The mean health literacy score of the participants is 7.9 (SD = 5.9, range: 0–16) with 51.7% (n = 556) had an inadequate health literacy status, 17.8% (n = 191) had a problematic health literacy status and 30.5% (n = 328) had an adequate health literacy (Supplementary Table 5). Moreover, we reported a higher score of health literacy (p < 0.001) among those who were afraid of future epidemics and/or pandemics (p < 0.001). Furthermore, the mean score in trust in existing and future vaccine, in public health, science, and medicine was 28.4 (SD = 7.6) with 27.9% (n = 300) having low trust, 23.4% (n = 252) having moderate trust, and 48.7% (n = 523) having high trust (Supplementary Table 6). A higher score of trust in existing and future vaccine, in public health, science and medicine, was reported among those who were afraid of future epidemics and/or pandemics (p = 0.0015). More details about health literacy and trust in existing and future vaccine overall as well as by fear of future epidemics and/or pandemics are presented in Supplementary Tables 5 and 6, respectively.

Determinants of perceived fear of future epidemics and/or pandemics

As reported by the full model of the hierarchical logistic regression modelling (Model 4), sex, job status, educational level, health status, health literacy score, trust in public health, science and medicine score and COVID-19 vaccination status are related to the perceived fear of future epidemics and/or pandemics. Specifically, we discovered that females were more likely to be afraid of future epidemics and/or pandemics (OR = 2.37, 95% CI 1.78–3.16, p < 0.001) compared to males. On the other hand, we found that unemployed participants and those who had completed a postgraduate education were 70% (OR = 0.30, 95% CI 0.13–0.65, p = 0.003) and 44% (OR = 0.56, 95% CI 0.34–0.90, p = 0.016) less likely to be afraid of future epidemics and/or pandemics compared to private employees and individuals with secondary education, respectively. Furthermore, we reported that individuals with adequate health literacy (OR = 1.05, 95% CI 1.03–1.08, p < 0.001) and higher trust in public health, science, and medicine (OR = 1.04, 95% CI 1.02–1.06, p = 0.001) were more likely to be afraid of future epidemics and/or pandemics. Finally, we found that those who vaccinated against COVID-19 were 1.57 times more likely to be afraid of future epidemics and/or pandemics compared to those who did not vaccinate against COVID-19 (OR = 1.57, 95% CI 1.02–2.43, p = 0.041) (Table 2).

Table 2 Hierarchical logistic regression modelling on fear of future epidemics and/or pandemics (Yes vs.

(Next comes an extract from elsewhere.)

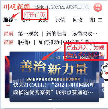 此次点赞在川观新闻客户端内和四川在线同时进行

No).

Linear regression model indicated that increased age (β = − 0.10, 95% CI − 0.14, − 0.05) was negatively associated with a higher score of fear of future epidemics and/or pandemics. In addition, being female (β = 2.68, 95% CI 1.91, 3.46), living in Larnaca (β = 1.25, 95% CI 0.70, 2.33), having a higher health literacy score (β = 0.25, 95% CI 0.18, 0.32), being in a vulnerable group (β = 2.02, 95% CI 0.75, 3.28), having at least one chronic disease (β = 1.76, 95% CI 0.68, 2.84) and receiving a COVID-19 vaccine (β = 2.12, 95% CI 0.96, 3.28) were positively associated with a higher score of fear of future epidemics and/or pandemics (Table 3).

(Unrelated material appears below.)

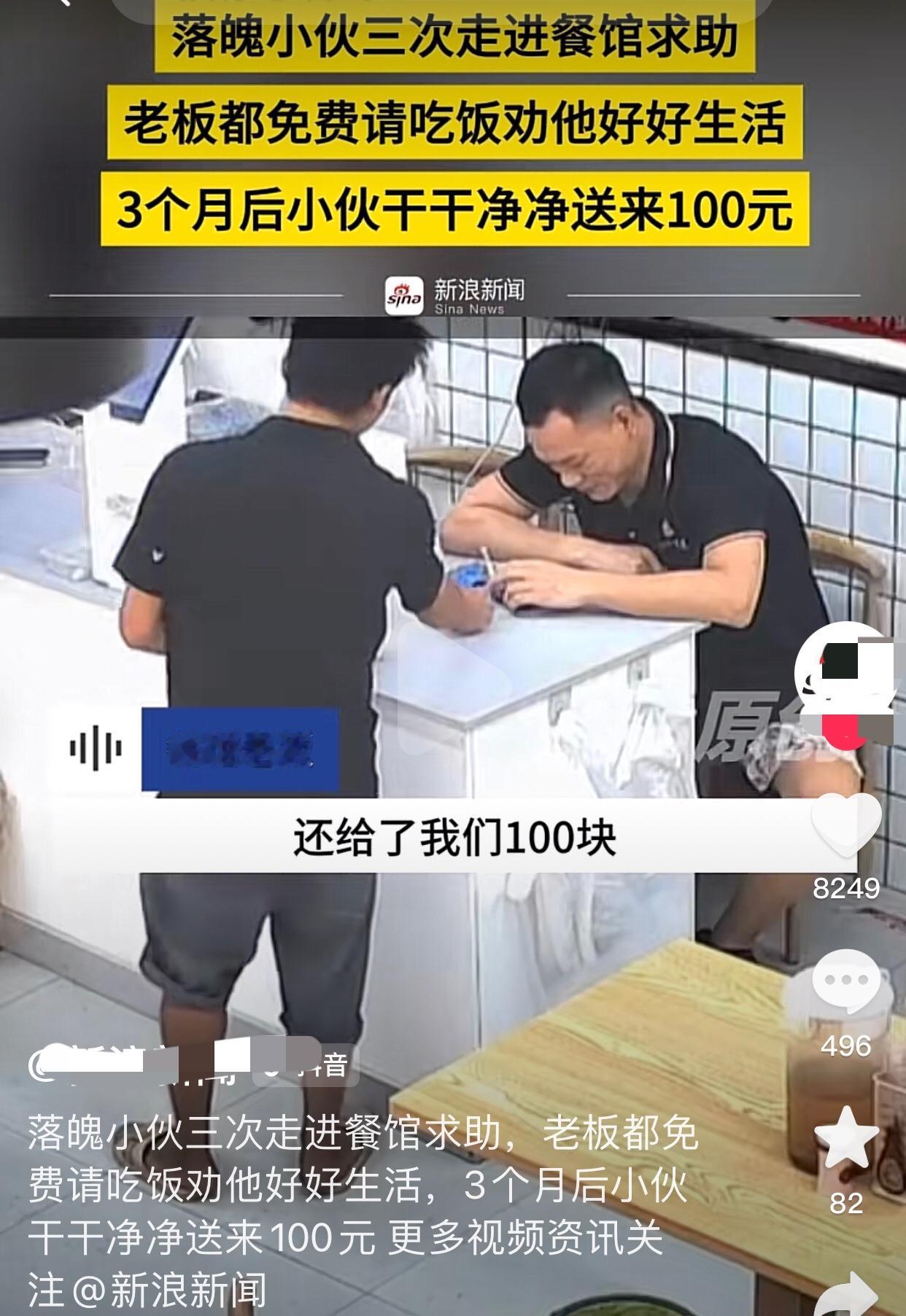 三顿快餐,换来小伙一辈子的感恩! 事情发生在今年7月,广州花都,一名蓬头垢面小伙走进一家湖南衡阳夫妻俩开的快餐店,怯生生小声问店里的老板娘:我现在没钱,能不能打一个快餐?老板娘二话没说就给小伙打了一个快餐,还特意多加了一些菜。 之后小伙还来了两次,快餐店老板夫妻照样让小伙免费吃饱 隔了三个月,快餐店老板夫妻俩本以为这事也就这么过去了,谁知道,10月17日晚上,小伙再次来到快餐店。和之前相比像换了一个人,这次穿的干干净净,从口袋里掏出一百块钱说:我找到工作了,这是上次饭钱,请收下!老板执意不要,小伙丢下钱转身离开了快餐店。(来源:浙江日报) 见到这一幕真的让人感慨,三顿快餐对于落魄的小伙是困顿中的暖阳,百元回馈更是他重拾信心的回响。老板不问缘由的馈赠与小伙刻在骨子里的感恩,让平凡小事迸发出动人力量。这世间最暖的循环,莫过于,你赠我微光,我还你明朗,一次善良,足以让人温暖一辈子。

Table 3 Linear regression modelling on fear of future epidemics and/or pandemics (range: 8–40, maximum score indicates higher fear).

Discussion

This study represents the first attempt to investigate the influence of the COVID-19 pandemic on the perceived fear of future pandemics and/or epidemics. Its primary objective is to understand the level of fear experienced by individuals and identify associated factors. Based on our research, 53.7% of the participants expressed fear regarding future pandemics and/or epidemics. It is noteworthy that women and individuals who have received COVID-19 vaccinations are more likely to report fear. Additionally, being in a vulnerable group or having at least one chronic disease, along with higher levels of health literacy and trust in existing and future vaccines, public health, science, and medicine, are associated with an increased likelihood of fearing future pandemics. Conversely, older age, unemployment, and having a master's degree are associated with a lower probability of perceived fear.

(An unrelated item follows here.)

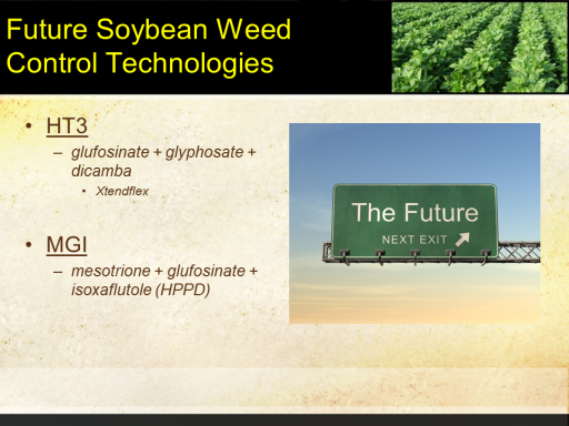 Future Soybean Weed Control Technologies<BR>HT3 <BR>glufosinate + glyphosate + dicamba <BR>Xtendflex <BR> <BR>MGI <BR>mesotrione + glufosinate + isoxaflutole (HPPD)<BR>

According to our findings, gender emerged as one of the strongest factors associated with perceived fear of future pandemics and/or epidemics among the general population of Cyprus. Our results demonstrated a higher likelihood of females experiencing fear of future epidemics and/or pandemics compared to males. This finding aligns with recent studies conducted in the United States of America, Cuba, and China, which consistently reported greater levels of fear and stress of COVID-19 during pandemic among women25,26,27,28. Notably, a previous meta-analysis indicated that the COVID-19 pandemic had a significantly greater negative impact on women, particularly in terms of higher levels of fear and anxiety. The gender disparity in worry and fear was even more pronounced in Europe29. The observed increase in fear among women in our study is consistent with the general tendency for women to experience negative emotions, including fear, more frequently than men30. This heightened fear in women could be attributed to their stronger emotional experiences and relatively higher vulnerability compared to men31. Additionally, women have been found to have higher rates of psychological disorders associated with anxiety and fear compared to men32.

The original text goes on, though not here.